Rónán McDonald, a lecturer in literature at the University of Reading, has written a short, engaging book the theme of which is evident from the title: The Death of the Critic. Although there is plenty of both academic and journalistic writing about literature, less and less is well described by the term "literary criticism." The literary critics of the first two-thirds or so of the twentieth century, now dead, including poets and other creative writers, such as T. S. Eliot, journalists such as Edmund Wilson, and academic literary critics, as distinct from literary scholars, such as F. R. Leavis in England and Cleanth Brooks in the United States, have so few successors that the very genre, if not yet dead, is moribund.1 McDonald deplores the decline of literary criticism and seeks to explain its causes.

In place of literary criticism, McDonald (and many others, such as John Ellis) argue, we have postmodern literary theory, an animal of quite a different color from literary criticism.2 "Texts . . . are interpreted and analysed with a view to unlocking the social norms and attitudes encoded therein, not assessed or evaluated as integral, self-contained creations" (McDonald, p. 21). "The 'best' [is regarded] as a politically dubious category, with selections made in its name often nurturing hidden and hierarchical agendas"(p. ix). "In a comparatively short time, [End Page 385] academic literary criticism has been transformed. Many [literary critics] now regard social activism as the major purpose of literary criticism." And "people who write about literature now write in a prose thick with impenetrable jargon," which erects a barrier between literary theory and literature.3 The well documented decline in the reading of literature has many causes but one may be the obscurantist and politicized style of teaching literature that is in vogue in many colleges.4

But something deeper is involved. After all, most literary teachers are not postmodernists. What has happened is the professionalization, in not altogether a good sense, of literary studies. Let me illustrate. More than half a century ago, Cleanth Brooks published what became a famous book of literary criticism, consisting of close readings of famous poems.5 The New Critics were much taken with the metaphysical poets, the most prominent of whom was John Donne, and the high point of Brooks's book was his brilliant close reading of "Canonization," one of Donne's most famous love poems. Just this year (2008) a professor of literature named Ramie Targoff published John Donne, Soul and Body, which has an extensive treatment of Donne's love poetry, though it does not mention "Canonization." As far as I can judge, Targoff's book is a fine scholarly achievement—well written (and not defaced by jargon), thoroughly researched, thoughtful, imaginative.
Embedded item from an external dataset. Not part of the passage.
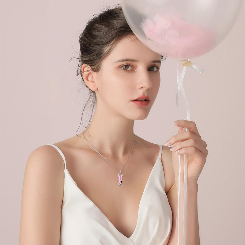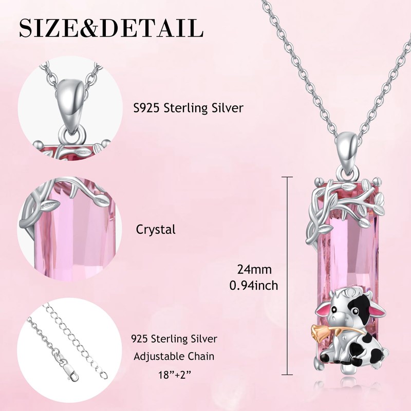 Collar de unicornio/conejo/vaca/elefante/perro/overol/gato/xolotl/perezoso para mujer de plata de ley 925 lindo collar con colgante de animal de vidrio, regalo para mujer madre esposa, Plata
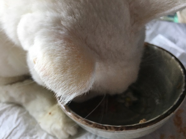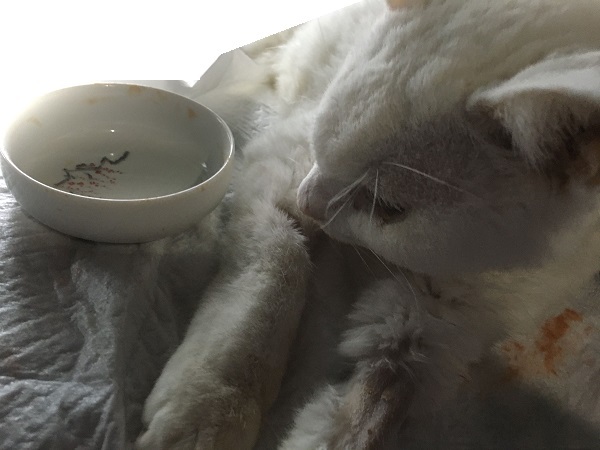 この朝、さくらは浴室まで自力で移動して、洗面器のふちにあごをあずけるようにしてお水を飲みました。

She argues that contrary to some scholars who have regarded Donne as a Neoplatonist who therefore believed that the highest love is purely spiritual (as it was for Plato), he was, throughout his career—even when he became a fiercely devout Anglican cleric writing fervid religious verse—a believer that body and soul were one in all activities, including sexual love; hence the religious imagery in "Canonization," emphasized by Cleanth Brooks, who would I think have found Targoff's analysis congenial. Her book is I would guess a model of modern literary scholarship.
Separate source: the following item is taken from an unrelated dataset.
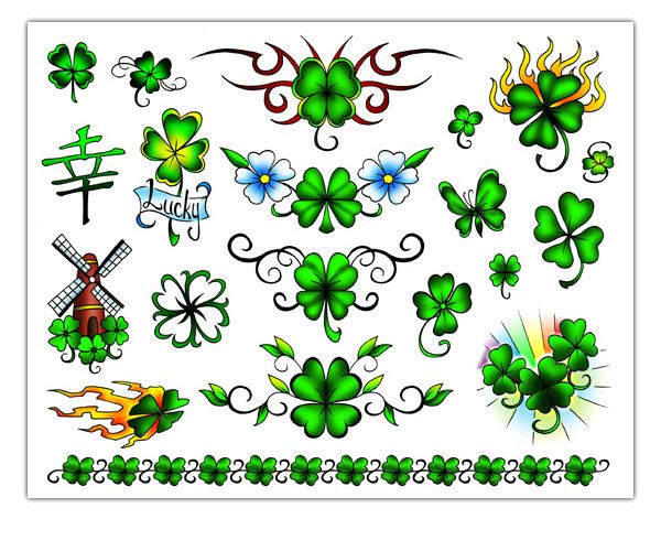 Всем, кто хочет сделать татуировку с изображением четырехлистного клевера, сегодня доступны сотни различных эскизов. Классикой считается рисунок, выполненный в зеленых тонах, а любителям более оригинальных тату понравятся объемные рисунки в черно-зеленых тонах. По размеру тату с клевером редко превосходят традиционную «пачку сигарет», а тем, кто хочет украсить тело более масштабным рисунком, можно выбрать художественную композицию, в основе которой лежит клевер.

But here is the difference between Brooks's book, and specifically his discussion of Donne's poem, and Targoff's. Brooks, who though a distinguished Yale English professor did not have a Ph.D., wrote for a mixed audience—academics, students, the general reader—and he made the nonacademic members of that audience want to read Donne, or read more Donne, or re-read Donne with greater understanding and enjoyment. Targoff writes for other scholars of early modern English literature. Someone else who chances on the book (like me) may read it and think well of it, but unless one has esoteric religious or philosophical interests the experience of reading her book will not quicken one's [End Page 386] interest in reading Donne's poetry—which is a great shame, given the state of the literary culture...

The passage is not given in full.